Thanks to Mikhail Samin for writing one of the most persuasive and important articles I’ve read on LessWrong.
I think a lot of the dubious, skeptical, or hostile comments on this post reflect some profound cognitive dissonance.
Rationalists and EAs generally were very supportive of OpenAI at first, and 80,000 Hours encouraged people to work there; then OpenAI betrayed our trust and violated most of the safety commitments that they made. So, we were fooled once.

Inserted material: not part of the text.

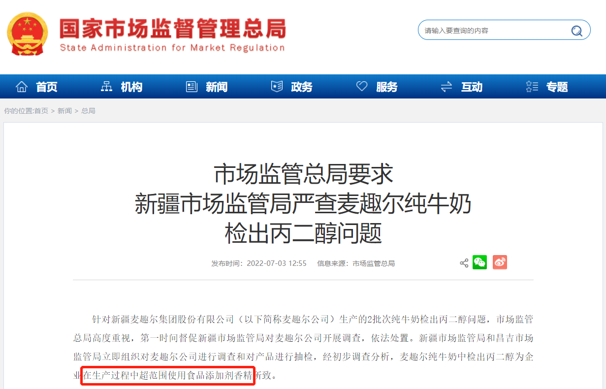 7月3日,國家市場監管總局發布消息,要求“嚴查麥趣爾純牛奶檢出丙二醇問題”,并表示“經初步調查分析,麥趣爾純牛奶中檢出丙二醇為企業在生產過程中超范圍使用食品添加劑香精所致。”
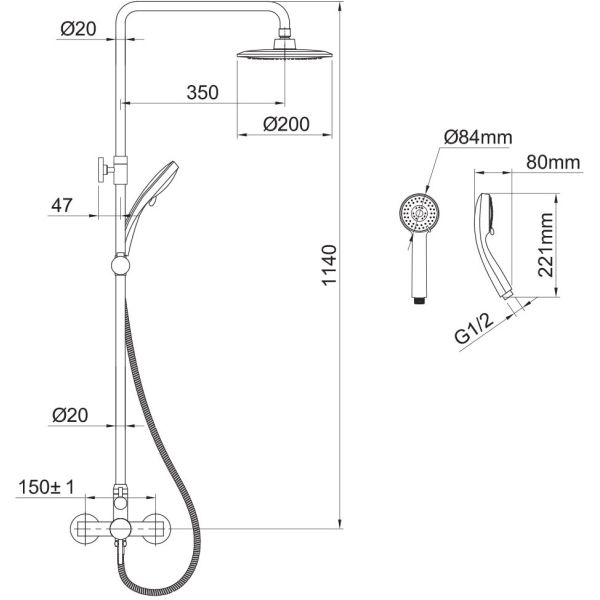 | Розмір верхнього душу | 200 мм |

Then, Rationalists and EAs were generally very supportive of Anthropic, and 80,000 Hours encouraged well-meaning people to work there; then Anthropic betrayed our trust and violated most of the safety commitments they made. So, we were fooled twice. Which is embarrassing, and we find ways to cope with our embarrassment, gullibility, and naivete.
What’s the lesson from OpenAI and Anthropic betraying our trust so massively and recklessly?
The lesson is simply about human nature. People are willing to sell their souls. A mid-level hit man is willing to kill someone for about $50,000. A cyber-scammer is willing to defraud thousands of elderly people for a few million dollars. Sam Altman was willing to betray AI Safety to achieve a current net worth of (allegedly) about $2.1 billion. Dario Amodei was willing to betray AI Safety to achieve his current net worth of (allegedly) about $3.7 billion. If the AI bubble doesn’t burst soon, they’ll each probably be worth over $10 billion within a couple of years.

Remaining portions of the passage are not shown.